Editor's Note

Editor’s Note: Pennsylvania politicians must do more to combat the opioid epidemic

U.S. Rep. Madeleine Dean’s story is a testament to overcoming incredible odds.

Heroin users gather under a bridge where many of them live with other addicts in the Kensington section of Philadelphia.

Heroin users gather under a bridge where many of them live with other addicts in the Kensington section of Philadelphia. Spencer Platt/Getty Images

Opioid addiction is a brutal reality in many communities in Pennsylvania – from small, rural towns to big cities across the state. For several years, Pennsylvania has had one of the highest rates of drug overdose deaths in the country: An estimated 5,343 people died from opioid overdoses here in 2021 according to the state’s opioid data dashboard. 

Like so many Americans, I have friends who have struggled with opioid addiction – some have gone through the phases of withdrawal, treatment and relapse to eventual recovery, while others have died from overdosing. Just last week, one of my relatives died from complications involving Oxycontin. 

An ever-rising cause for worry is fentanyl, which has become a leading cause of death for Americans under the age of 40. As part of the effort to combat the drug’s destruction, U.S. Rep. Madeleine Dean has made helping families overcome opioid addiction a part of her life’s mission. Dean’s son is a survivor of opioid addiction and substance-use disorder – and in 2021, she and he co-authored a book, “Under Our Roof: A Son’s Battle for Recovery, a Mother’s Battle for Her Son,” about his struggle with drugs. Dean is now part of a bipartisan group of lawmakers looking to educate the public about naloxone, the life-saving overdose-reversing medication. This group, known as the Fentanyl Prevention Caucus, is already studying new ways to help those with substance-use disorders. They’re doing good work. 

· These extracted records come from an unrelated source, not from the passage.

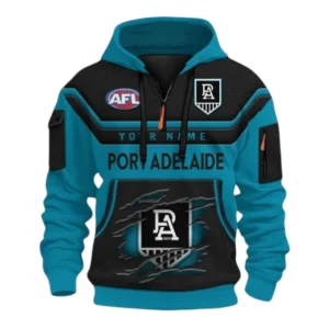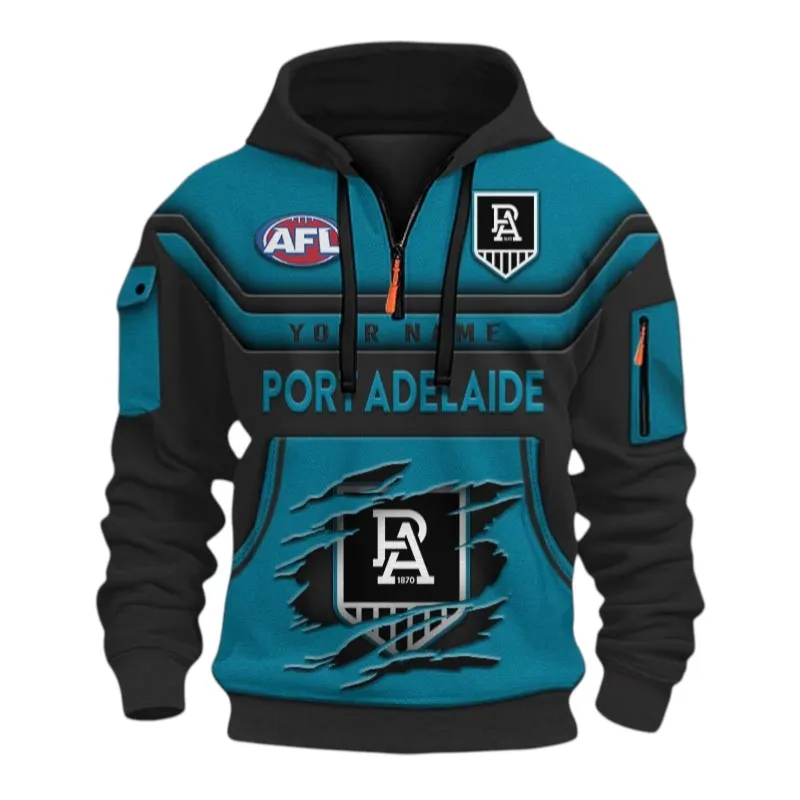 Order your custom Port Adelaide 3D Printed Half-Zip Hoodie today and rep your team in unmatched comfort and visual impact on and off the field.
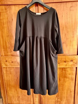 Abito da donna con maniche a 3/4 e pratiche tasche laterali. - Design con taglio impero. - Tessuto morbido e confortevole.
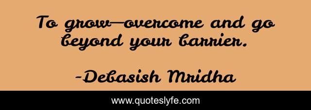 This page presents the quote "To grow—overcome and go beyond your barrier.". Author of this quote is Debasish Mridha. This quote is about overcoming-odds, how-to-grow, philosophy, debasish-mridha, grow, quotes, inspirational, go-beyond, enthusiasm,.
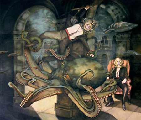In “Submerged" Chaix mixes those ecological alerts with the fantastic, taking us on a dreamlike journey into watery depths where man and beast comingle in unexpected ways. The most dramatic creations are those featuring businessmen in suits wearing antique diver helmets in submerged cities. One sits in lounge chair on a water-filled subway car among sharks, caressing an eel; others bide their time with slippery creatures in living rooms. One Wall Street type attempts to puppeteer an unruly octopus in a clear nod to man’s egoistic will to control nature. This stark and unusual imagery compels us to ask if we are viewing a future Atlantis or the next Water World, and whatever the opinion, the answer is clear: the oceans, from which all life sprang, will soon reclaim us.

In this week's magazine, we examine the problems plaguing the health care industry resulting in an ever-shrinking workforce. Many of these labor shortages are at drug and alcohol rehabilitation centers, where employees are putting in long hours for little pay. We interview Admiral Rachel Levine, the former Pennsylvania Health Secretary who talks about how the federal Department of Health and Human Services has worked to prevent the overprescription of opioids for mild and chronic pain. And although the department has made some progress in this area, there is still much more work to do. With a little faith and the right resources, Pennsylvania can better fight the incessantly expanding toll wrought by these drugs.